En 1623, les hostilités recommencèrent dans les Baronnies, et le 1er octobre un fils de Dupuy-Montbrun fit mettre le siége devant le Buis, après s'y être ménagé de nombreuses intelligences. Un de ses lieutenans, nommé Cadart, fut chargé de l'expédition. Il monta le premier à l'assaut. Les assiégés se défendaient vaillamment ; mais sans espoir d'être secourus, et trop faibles pour résister long temps, ils se considéraient déjà comme vaincus, lorsque l'échelon sur lequel Cadart appuyait le pied, prêt à saisir avec la main les créneaux du rempart, fut, dit la tradition populaire, brisé par le jet d'une pierre : le guerrier fut précipité dans les fossés. Sans chef et découragés, ses soldats prirent la fuite, et le laissèrent gisant sur la place, où il fut tué par les assiégés. Comme personne, rapporte aussi la tradition, n'avait vu jeter la pierre, on attribua cette délivrance de la ville à l'intercession de la Vierge, que les assiégés avaient invoquée dans ce pressant danger, et aujourd'hui encore on voit, apposées contre la muraille occidentale de l'ancienne paroisse, deux échelles vermoulues qu'on prétend être celles qui furent employées par Cadart à l'assaut de 1623. On voit également, dans la chapelle du rosaire de l'ancienne église des dominicains, une statue de Notre-Dame-des-Victoires, qui fut, dit-on, érigée en mémoire de cet événement.

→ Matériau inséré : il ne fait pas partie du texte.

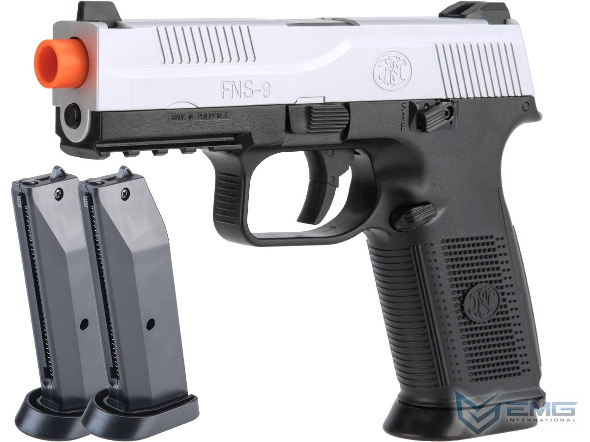 Cybergun FN FNS-9 Airsoft Spring Pistol (Color: Two-Tone / Add 2x Spare Magazines)
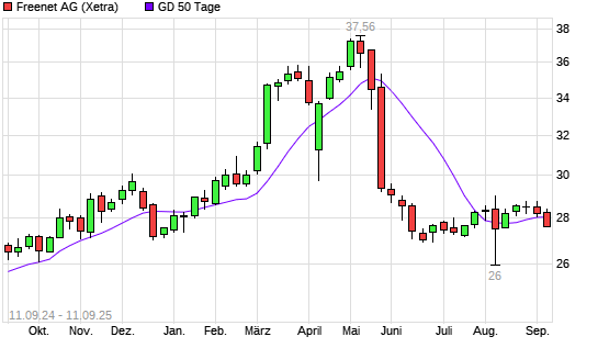 Mit dem Rücksetzer auf 27,78 EUR hat die Freenet-Aktie am 10.09.2025 die 50-Tage-Linie nach unten gekreuzt.
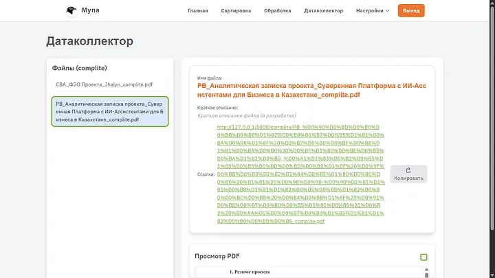 Бұл да алдын ала қарау терезесі. Егер біз файлды сұрыптаусыз және өңдеусіз қосқымыз келсе, мұны бір батырмамен жасауға болады. Бірақ ИИ оны тізілім кестесіне қосу және оған summary жасау үшін бәрібір оқиды.
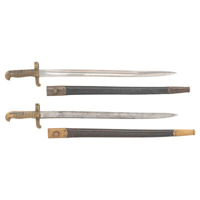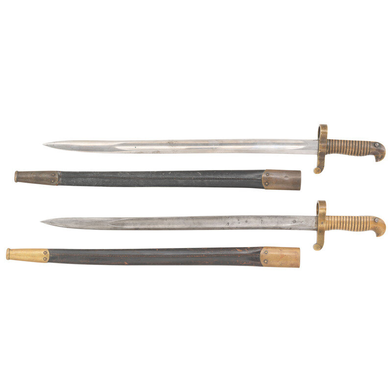 Two US Model 1863 Remington Zouave Rifle Saber Bayonets & Scabbards

La commune du Buis renfermait deux paroisses rurales, l'une à Proyas et l'autre à Saint-Martin, qui ont été détruites pendant les guerres civiles.
La ville est défendue contre les eaux de l'Ouvèze par une digue de la longueur de 900 mètres, construite en 1776 : elle a 5 mètres de base sur 6 de hauteur, dont 2 pour les fondations.
Le Buis est mal bâti, mais il y a de belles promenades et surtout une esplanade, près de la digue, qui offre beaucoup d'agrément ; on y remarque aussi une place publique entourée de halles et plantée d'un double rang d'arbres. A la tête de cette place est une belle fontaine qui ne tarit jamais.
Il y avait avant la révolution un bailliage qui avait pour ressort le pays des Baronnies, une subdélégation, un grenier à sel, un entrepôt général de tabac, un lieutenant de maréchaussée, une juridiction des traites et gabelles, une communauté de chirurgiens, une communauté de religieuses ursulines et un couvent de dominicains fondé, en 1294, par Reymond de Mévouillon, et confirmé par une bulle du pape Clément V du 13 novembre 1309 ; mais en 1793 le Buis perdit tous ses établissemens. Aujourd'hui, c'est le chef-lieu d'un canton ; il y a un bureau de poste, une brigade de gendarmerie à cheval et un bureau d'enregistrement.
C'est la patrie d'Antoine Lemasson, secrétaire de la reine Marguerite de Valois, qui a donné des Commentaires sur le Dante, et en 1558 une traduction du Décaméron de Bocace plusieurs fois réimprimée, et dont la dernière édition, revue et corrigée, est de 1757, in-8°. On a encore de lui les Amours de Phidie et de Gélasine ; Lyon, 1550, in-8° ; une édition des Oeuvres de Jean Lemaire, in-fol., et une des Oeuvres de Clément Marot.